For the adversarial attack, we use Claude Haiku as a cross-model paraphraser — a completely different architecture with no knowledge of the watermarking key. Each paraphrase pass asks the model to completely rewrite the text while preserving meaning.
This cross-model setup tests the realistic attack scenario: an adversary doesn’t know which watermark scheme was used or what the secret key is, but can access a cheap LLM to rewrite the text.
What We Found
At pass=0 (no paraphrasing), watermarked text is strongly detectable.

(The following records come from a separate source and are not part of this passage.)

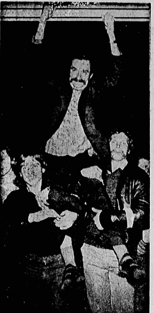
ملخو لسا، رهبر اتحادیه همبستگی

کویسیل در بیانیه خود اعلام کرد که دولت باید اقدامات فوری را برای حل بحران اتخاذ کند. او همچنین اعلام کرد که دولت باید اقدامات فوری را برای حل بحران اتخاذ کند.
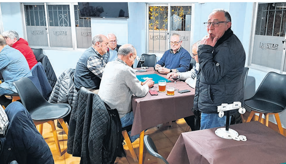
Las personas mayores son un sector del que se preocupa el Ayuntamiento.

A partir de esa información oficial, califican a los Consistorios como 'Excelentes', con 37 Ayuntamientos, entre ellos Basauri en ese puesto
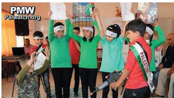
Britain: Huge Amounts of Foreign Aid Pumped into Terror Schools

11. Izraelski premier Benjamin Netanjahu przyjął zaproszenie do udziału w lipcowym spotkaniu Grupy Wyszehradzkiej na Węgrzech.
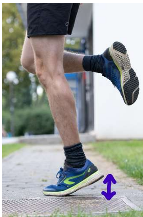
Slika 6.3 Stajanje s jednom nogom na prstima
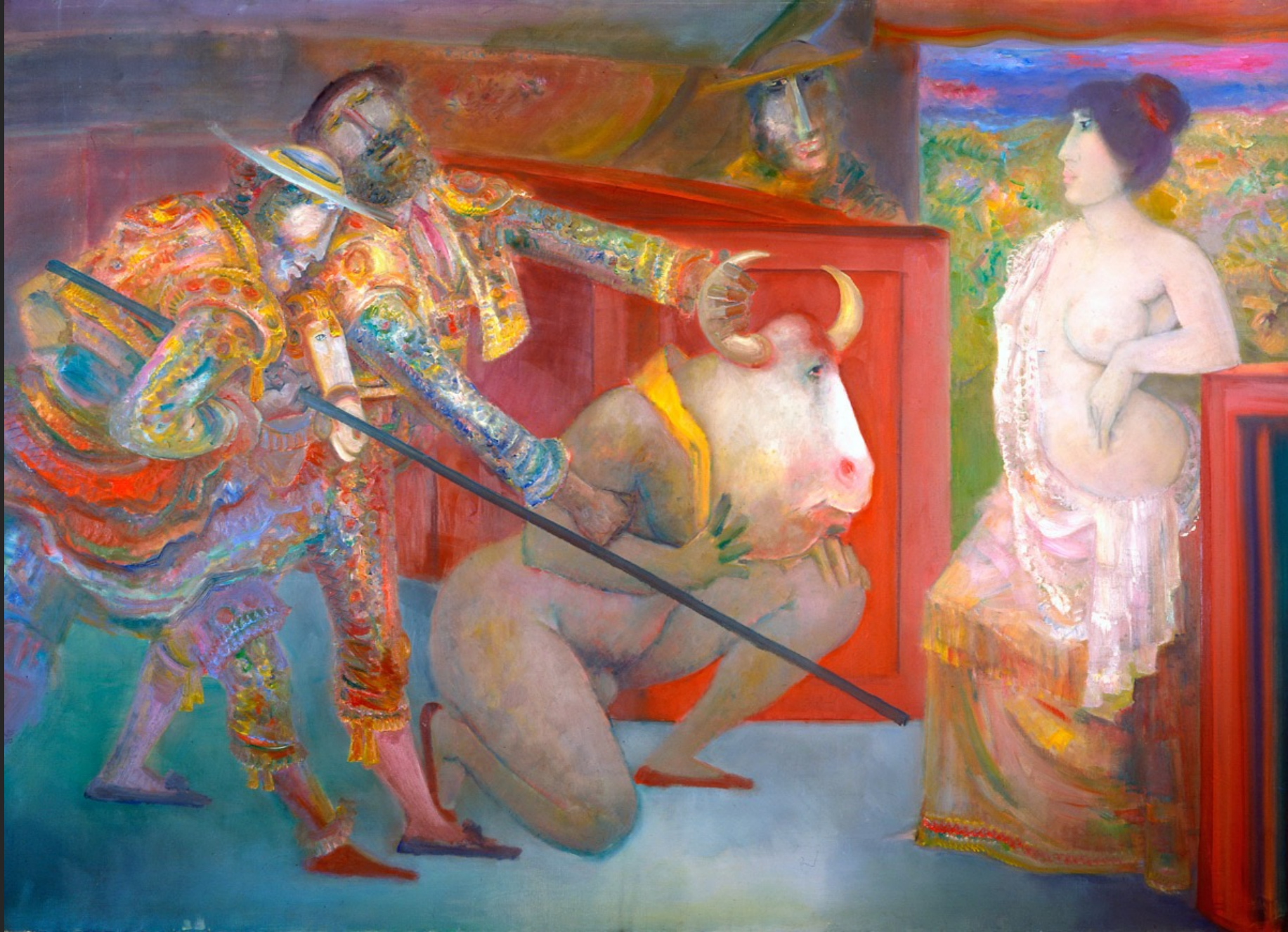
LIBERTÉ, 1974-75, huile sur toile, 204 x 285 cm

Mean z-score of 9.64±1.03 across 5 seeds, with 100% detection rate. The green-list fraction is ~84-86%, far above the 50% expected by chance. The Kirchenbauer watermark works.

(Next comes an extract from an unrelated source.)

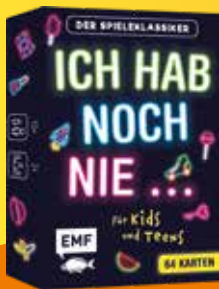
Ich hab noch nie ... – für Kids und Teens GTIN 4260478342101
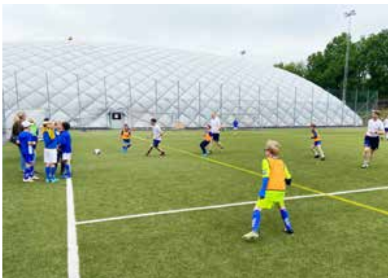
Så här ser det normalt ut när P10 tränar.

Cross-model paraphrasing degrades the signal — but not as fast as you’d think. One pass drops detection from 100% to 60%. Then it plateaus. Even after 10 passes, 40% of watermarked texts are still detectable.

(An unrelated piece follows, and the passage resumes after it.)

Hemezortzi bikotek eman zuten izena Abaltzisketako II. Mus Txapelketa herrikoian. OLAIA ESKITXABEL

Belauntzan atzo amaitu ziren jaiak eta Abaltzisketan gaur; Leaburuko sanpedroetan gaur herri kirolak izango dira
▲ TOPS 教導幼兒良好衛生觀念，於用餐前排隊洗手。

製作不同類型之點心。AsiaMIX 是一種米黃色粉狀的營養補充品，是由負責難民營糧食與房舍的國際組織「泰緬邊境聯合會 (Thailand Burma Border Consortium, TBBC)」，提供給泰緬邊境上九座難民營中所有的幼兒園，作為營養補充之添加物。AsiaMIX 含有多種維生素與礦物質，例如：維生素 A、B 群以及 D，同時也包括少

| Passes | Mean z-score | Detection Rate |
|---|---|---|
| 0 | 9.64 ± 1.03 | 100% |
| 1 | 5.21 ± 1.74 | 60% |
| 2 | 4.85 ± 1.75 | 60% |
| 3 | 4.72 ± 0.96 | 60% |
| 5 | 4.66 ± 1.87 | 60% |
| 10 | 3.89 ± 1.26 | 40% |

The Recovery Story: Why v1 Failed and v2 Worked
This project has a backstory worth telling. Our first attempt (v1) used a completely different approach: output-level synonym substitution. Since we were initially using the Claude API (no logit access), we approximated the watermark by replacing common words with “green” synonyms from a 15-pair vocabulary.
v1 result: 0% detection across 45 experimental conditions.
Not because watermarks are robust — because the simulation was structurally too weak. With only 15 synonym pairs, a typical 200-word text contains just 1-11 signal words. You need at least 16 for z > 2.0 detection. The experiment was unable to produce results regardless of any parameter.
The key insight: logit-level watermarking biases every token (~200 data points per text). Output-level substitution only touches vocabulary-matched words (~5 per text). That’s a ~30x signal density gap.
| Metric | v1 (Synonym) | v2 (Kirchenbauer) |
|---|---|---|
| Signal words per 200-token text | ~5 | ~149 |
| E0 z-score | 0.94 (noise) | 8.44 (strong) |
| Detection at pass=0 | 0% | 100% |
Watermark Strength and Text Length
We also measured how watermark strength (the δ parameter) and text length affect robustness under paraphrasing.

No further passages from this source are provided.